On 8 May 2002 the entire Oosterschelde was designated a national park, 370 square kilometres bordered by the dykes of Schouwen-Duiveland, Tholen, Sint Philipsland, Noord-Beveland, and Zuid-Beveland, and by the dams of the Delta Works themselves. It is the largest national park in the country, and it is the only one where the park's boundary is a piece of human infrastructure. Engineers and ecologists have to negotiate this park together. The reduction in tidal energy after 1986 means the shoals no longer get naturally replenished with sand, and over decades the bird habitat has been slowly eroding. In 2019 and 2020, Rijkswaterstaat dumped large quantities of sand on the Roggeplaat shoal to rebuild it — gardening on a scale that fits a country built half below sea level.

How to Move Across It

Two roads cross the Oosterschelde between Schouwen-Duiveland and Noord-Beveland: the Oosterscheldedam on the western side, riding the storm-surge barrier itself, and the Zeeland Bridge on the eastern side, a five-kilometre concrete viaduct that for decades was the longest bridge in Europe. Smaller locks knit the Oosterschelde into the wider delta — the Roompotsluis at Neeltje Jans connects it to the North Sea, the Krammersluizen and Grevelingensluis to the Grevelingen and Krammer to the northeast, the Bergsediepsluis at the Oesterdam to the Scheldt–Rhine Canal, and the Zandkreeksluis to the Veerse Meer.

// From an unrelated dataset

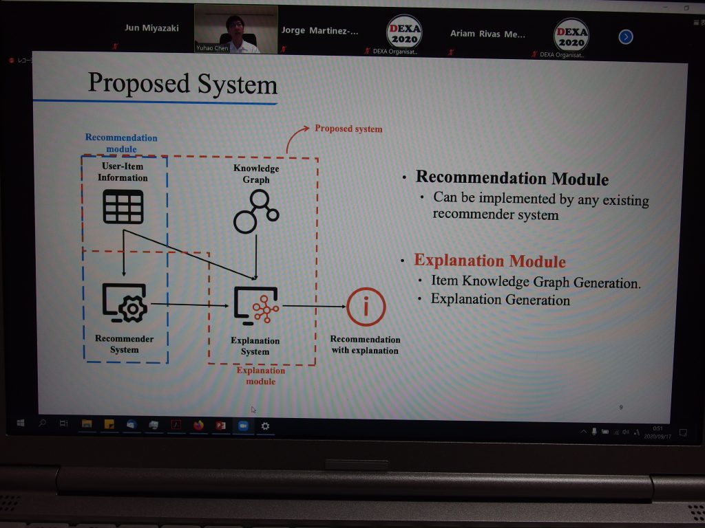 9月14日~17日にオンラインで開催されたThe 31st International Conference on Database and Expert Systems Applications – DEXA2020にて、2020年3月修士課程修了のチン君が、”A Model-agnostic recommendations Explanation System Based on Knowledge Graph”とのタイトルで修士での研究成果を発表しました。

Sail any of them and you slip between salt and fresh water, between river and sea, between the country the Dutch found and the country they invented in its place.

From the Air

The Eastern Scheldt sits at roughly 51.55°N, 3.97°E, occupying the broad water between Schouwen-Duiveland (north) and Noord-Beveland / Zuid-Beveland (south) in Zeeland. From cruise the basin is striking: dark tidal channels, pale shoals at low water, the Oosterscheldekering as a thin pale line on the west, and the long arc of the Zeeland Bridge on the east. Recommended viewing altitudes 4,000–10,000 ft; the full extent is visible up to FL150. Nearest airports: Midden-Zeeland (EHMZ) on Walcheren, Rotterdam The Hague (EHRD) ~35 nm north, Antwerp (EBAW) ~45 nm southeast. Coastal sea breeze in summer; strong winter westerlies and occasional dense sea fog year-round.